Unnamed: 0,antecedents,consequents,antecedent support,consequent support,support,confidence,lift,leverage,conviction
27,"(spaghetti, whole wheat pasta)",(milk),0.010133,0.135733,0.005067,0.5,3.683694,0.003691,1.728533
5,"(grated cheese, eggs)",(spaghetti),0.0096,0.181333,0.005867,0.611111,3.370098,0.004126,2.105143
15,"(frozen vegetables, soup)",(spaghetti),0.008533,0.181333,0.005067,0.59375,3.274357,0.003519,2.015179
10,"(frozen vegetables, ground beef)",(spaghetti),0.0168,0.181333,0.0096,0.571429,3.151261,0.006554,1.910222
21,"(ground beef, shrimp)",(spaghetti),0.012267,0.181333,0.006933,0.565217,3.117008,0.004709,1.882933
33,"(frozen vegetables, mineral water, milk)",(spaghetti),0.0112,0.181333,0.006133,0.547619,3.019958,0.004102,1.809684
14,"(frozen vegetables, olive oil)",(spaghetti),0.0112,0.181333,0.005867,0.52381,2.888655,0.003836,1.7192
0,"(cake, chocolate)",(spaghetti),0.013333,0.181333,0.006933,0.52,2.867647,0.004516,1.705556
6,"(herb & pepper, eggs)",(spaghetti),0.0128,0.181333,0.0064,0.5,2.757353,0.004079,1.637333
32,"(spaghetti, milk, eggs)",(mineral water),0.009067,0.2496,0.006133,0.676471,2.710219,0.00387,2.319418


In [45]:
# rules for second set
association_rules(frequent_itemsets_test, metric="confidence",
                  min_threshold=0.5).sort_values('lift', ascending=False)

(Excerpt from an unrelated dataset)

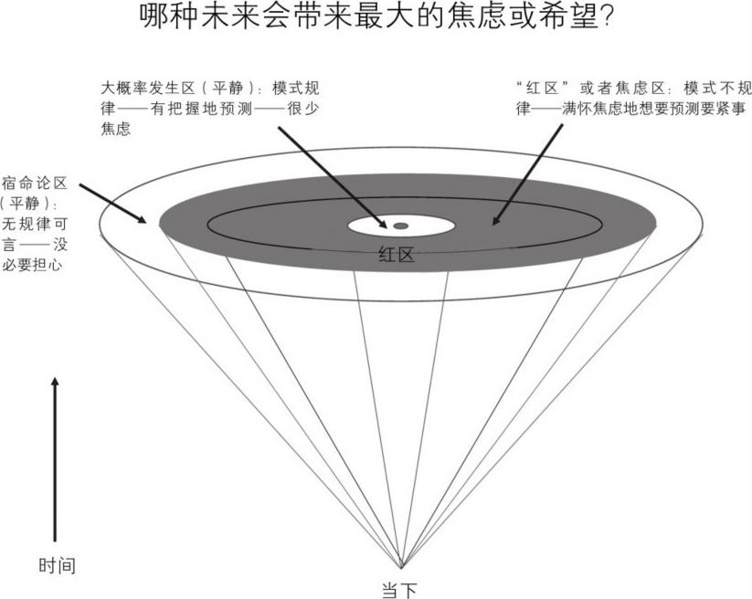大多数未来思维都是强烈的情感使然。对于无法预测的未来,我们不会付诸什么情感,也不会费脑子去想。它们就是二号未来锥最外围的“荒诞区”。对于预测时可以八九不离十的未来我们也不会太担心,它们处于“很可能”这一区域中。临刑死囚所表现出的泰然自若便属于这一区域。“可能区”和“合情合理区”才是强烈情感的汇集之地。在这些区域中,我们看到了预测并左右自己所在乎的未来的希望。这里是“红区”,它让我们对预测并掌控未来可能发生的事有了激情和热望。这些区域的存在把人们送到了占星师和算命先生的跟前,也正是这些区域让当代的企业高管们斥巨资去雇用经济预测师。专家级的预测师会提出信心满满的建议,也会消弭人们因未知而生的痛苦不安。不过,当预测错到离谱时,他们也可以充当替罪羊。 29
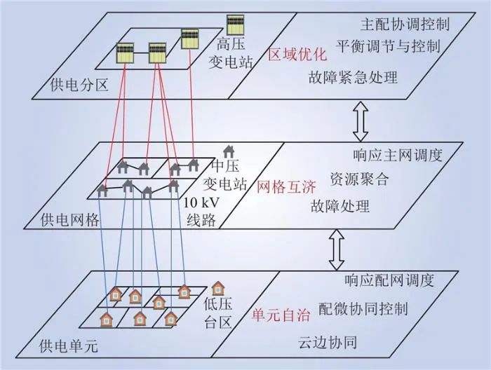 新型配電網(wǎng)從物理上劃分為區(qū)域、網(wǎng)格、臺(tái)區(qū)3層,形成“橫縱協(xié)同、分層分區(qū)”雙向協(xié)同調(diào)控,實(shí)現(xiàn)區(qū)域優(yōu)化、網(wǎng)格互濟(jì)、臺(tái)區(qū)自治的控制體系架構(gòu)如圖2所示,3層相互配合調(diào)度配電網(wǎng)全領(lǐng)域的電力管理。

Unnamed: 0,antecedents,consequents,antecedent support,consequent support,support,confidence,lift,leverage,conviction
20,"(pancakes, olive oil)",(spaghetti),0.01093,0.166889,0.005599,0.512195,3.06908,0.003774,1.707878
16,"(tomatoes, olive oil)",(mineral water),0.007465,0.227139,0.005065,0.678571,2.987466,0.00337,2.404455
4,"(chocolate, soup)",(mineral water),0.008798,0.227139,0.005865,0.666667,2.935055,0.003867,2.318582
15,"(olive oil, soup)",(mineral water),0.008531,0.227139,0.005332,0.625,2.751614,0.003394,2.060962
13,"(turkey, milk)",(mineral water),0.011464,0.227139,0.006931,0.604651,2.662026,0.004328,1.954883
14,"(shrimp, olive oil)",(mineral water),0.009064,0.227139,0.005332,0.588235,2.589754,0.003273,1.876947
12,"(milk, soup)",(mineral water),0.01413,0.227139,0.008264,0.584906,2.575095,0.005055,1.861891
9,"(frozen vegetables, olive oil)",(mineral water),0.011464,0.227139,0.006665,0.581395,2.559641,0.004061,1.846278
1,"(chocolate, chicken)",(mineral water),0.012797,0.227139,0.007198,0.5625,2.476452,0.004291,1.766538
5,"(eggs, cooking oil)",(mineral water),0.01093,0.227139,0.006132,0.560976,2.469741,0.003649,1.760405


The "mineral water" rules seem to be fairly stable and are present in both splits. The "spaghetti" rules seem to be more random. While there are such rules in both splits, they are not the same in the splits. In general, it seems like spaghetti may also be just something that is bought very often, same as mineral water, and that the rules may be good suggestions for cross-sell, but that there is probably not a strong association between the antecedents and the consequents for all rules, i.e., there does not seem to be causality.